The actors were asked if they did much improve during the filming. Mantzoukas answered, “We improvised a lot. They wrote an amazing, great script. Alec Berg, David Mandel, Jeff Schaffer! This is a who’s who of phenomenal comedy writers, and it’s also a group of writers who have worked for years with Sacha. So they all have a real rapport with each other and it was a great script. The way we worked in the scenes that I was in was that we would first do the script and we would get it so it felt like we had what the script called for, then we would explore. What I loved was that here’s this guy who is a comedic genius, here are these writers who are also geniuses, who ran Seinfeld or did Borat and Bruno, and are just truly such sharp comedic minds, who all felt they can make this funnier. There’s a funnier version of this, lets figure it out, let’s beat this. It was really just a tenacious, relentless pursuit of what is the best, funniest version of this. So then we would just do takes. There’s a lot of that in the nuclear dairy scene where I think his understanding of nuclear weapons comes from cartoons. A lot of that was improvised and there, by the way, is about two more hours of it. Poor Sir Ben is just standing behind us as we’re debating whether or not Popeye the Sailor Man is in fact a sailor man or a nuclear scientist. So yes, we did improvise a lot and some of that stuff made it into the movie but, for the most part, you watch that movie and you’re watching a brilliant script brought to life.”
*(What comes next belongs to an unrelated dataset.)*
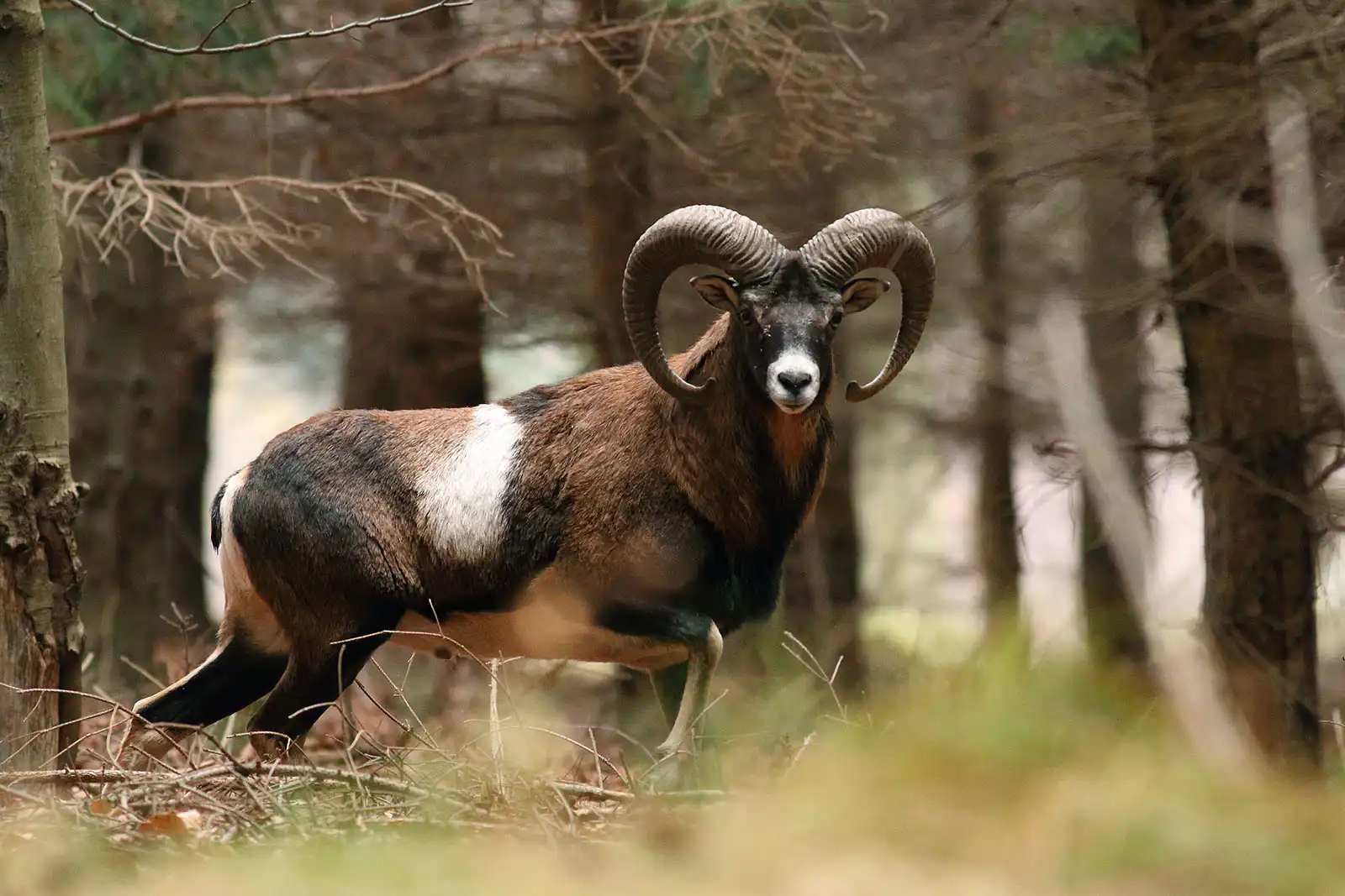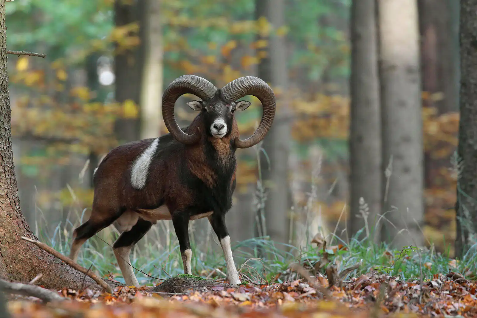 Mám hodně různých pěkných setkání. Sedím si tak ve skupince mladého smrčí, dole pod větvemi je tak metr a půl relativně průhledno a čekám co půjde okolo. Často je lepší čekat, než je aktivně vyhledávat, s neustále šustícím listí je to téměř nereálné. Zahlédnu kdesi vpředu pohyb, jen ještě nevím, co to je. Daněk? Muflon? “B” je správně. A jsou dokonce dva, slušní kousci s pěknýma rohama. A míří si to přímo mým směrem a já jsem připraven. Pořizuji pár fotek, jsou blízko a to je protentokrát velký problém. Mám totiž pevnou čtyřstovku! Co když přijdou blíž? Taky, že jo. Už musím fotit na výšku, aby se celí vešli. Jednou dvakrát se na chvíli zastavili, aby si prohlédli to něco pod smrčkem, ale pak pokračují okolo, ještě jednou se na chvíli zastaví a zkontrolují mě, pak zalezou dál do smrčků a zalehnou. Chvíli jsem přemýšlel, jak z toho ven, abych je zbytečně nevyplašil, až půjdu jinam, ale jinak se nedalo.

The actors were then asked about the correlation between The Dictator and the Arab Spring, which started occurring during the shooting of the film. Kingsley answered, “Sacha is a true member of his society. He is the opposite of the dictator. He has his finger on so many pulses: historically, politically, socially. It makes him a great comedian. He started prepping this film two years before the Arab Spring. It’s possible that it’s serendipity but I think its more an amazing intuition that he had as to the direction that the world is taking and reflecting it comedically. By the time Jason and I joined the film the Arab Spring had erupted. It was present in the media and everywhere. In a sense we were not creating a series of gags in a vacuum but we were being political satirists in a very real and definite context.”


The Dictator is now playing everywhere!